How to make rounded percentages add up to 100%
Consider the four percentages below, represented as float
numbers:
13.626332%
47.989636%
9.596008%
28.788024%
-----------
100.000000%
I need to represent these percentages as whole numbers. If I simply use Math.round()
, I end up with a total of 101%.
14 + 48 + 10 + 29 = 101
If I use parseInt()
, I end up with a total of 97%.
13 + 47 + 9 + 28 = 97
What's a good algorithm to represent any number of percentages as whole numbers while still maintaining a total of 100%?
Edit: After reading some of the comments and answers, there are clearly many ways to go about solving this.
In my mind, to remain true to the numbers, the "right" result is the one that minimizes the overall error, defined by how much error rounding would introduce relative to the actual value:
value rounded error decision
----------------------------------------------------
13.626332 14 2.7% round up (14)
47.989636 48 0.0% round up (48)
9.596008 10 4.0% don't round up (9)
28.788024 29 2.7% round up (29)
In case of a tie (3.33, 3.33, 3.33) an arbitrary decision can be made (e.g. 3, 4, 3).
There are many ways to do just this, provided you are not concerned about reliance on the original decimal data.

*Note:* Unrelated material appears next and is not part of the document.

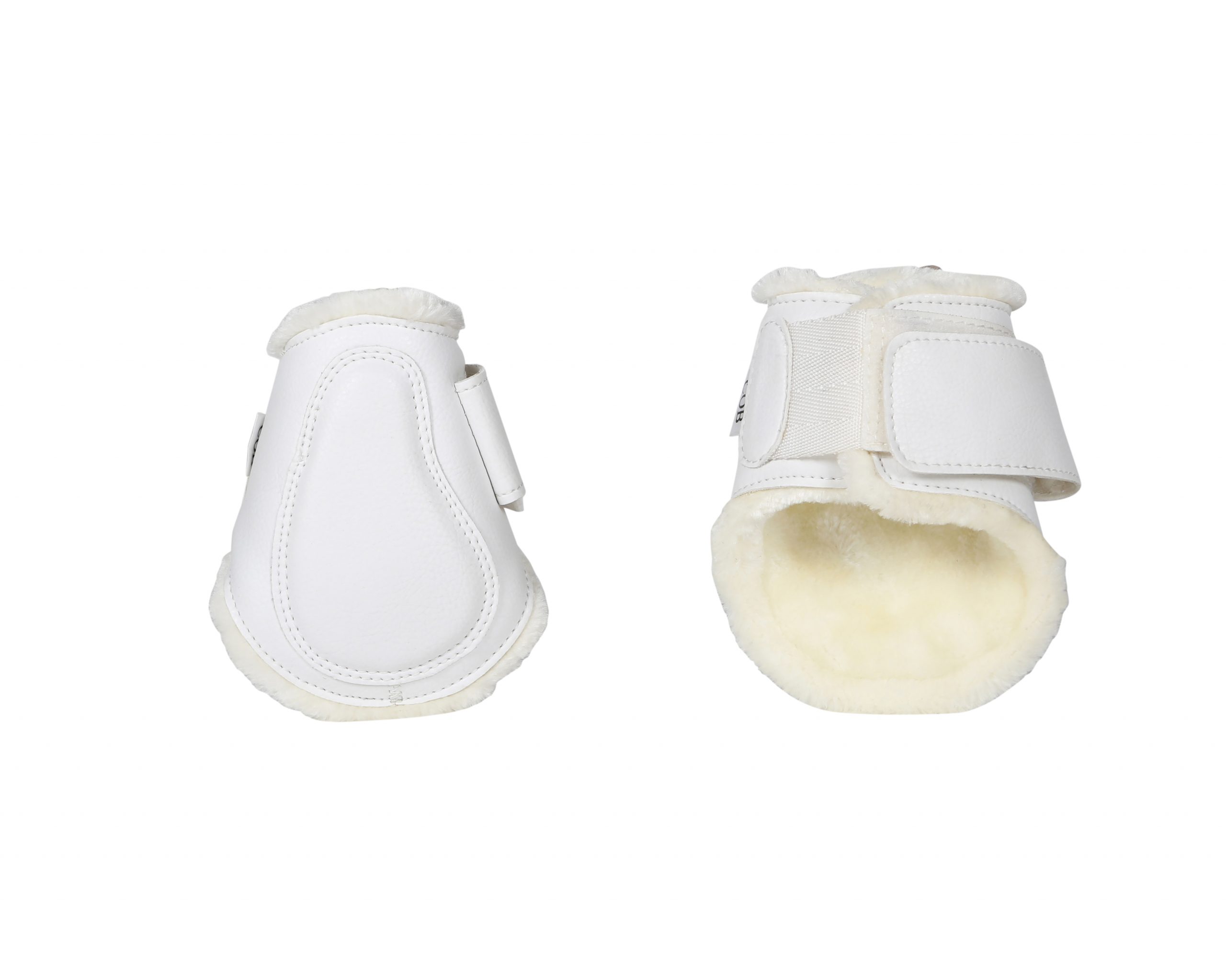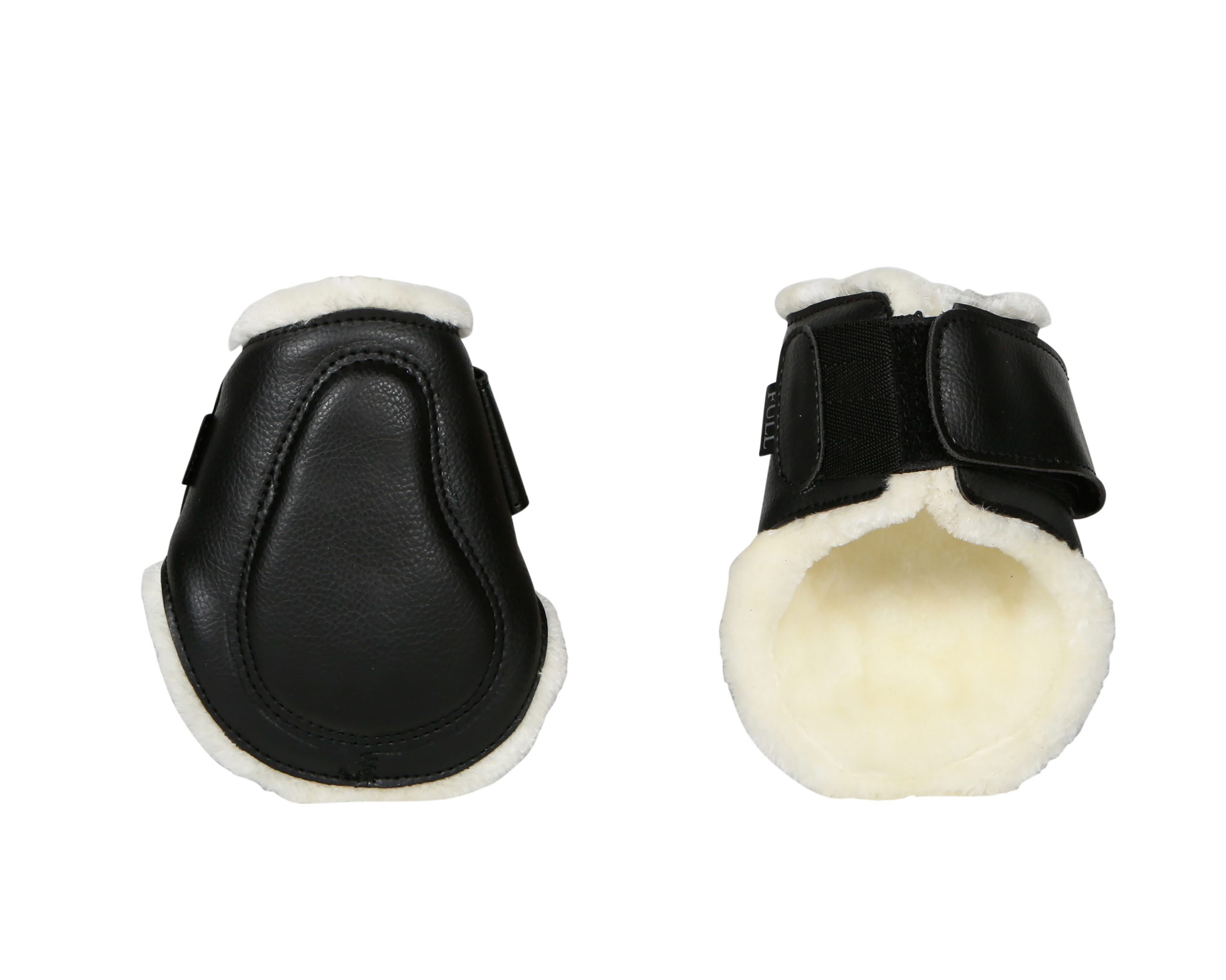 Fleece lined, leather look hind fetlock jump boots with velcro closures. Available in black and white, cob and full size. Matching open front jump boots also available.

The first and perhaps most popular method would be the Largest Remainder Method
Which is basically:
- Rounding everything down
- Getting the difference in sum and 100
- Distributing the difference by adding 1 to items in decreasing order of their decimal parts
In your case, it would go like this:
13.626332%
47.989636%
9.596008%
28.788024%
If you take the integer parts, you get
13
47
9
28
which adds up to 97, and you want to add three more. Now, you look at the decimal parts, which are
.626332%
.989636%
.596008%
.788024%
and take the largest ones until the total reaches 100. So you would get:
14
48
9
29
Alternatively, you can simply choose to show one decimal place instead of integer values. So the numbers would be 48.3 and 23.9 etc. This would drop the variance from 100 by a lot.
Probably the "best" way to do this (quoted since "best" is a subjective term) is to keep a running (non-integral) tally of where you are, and round that value.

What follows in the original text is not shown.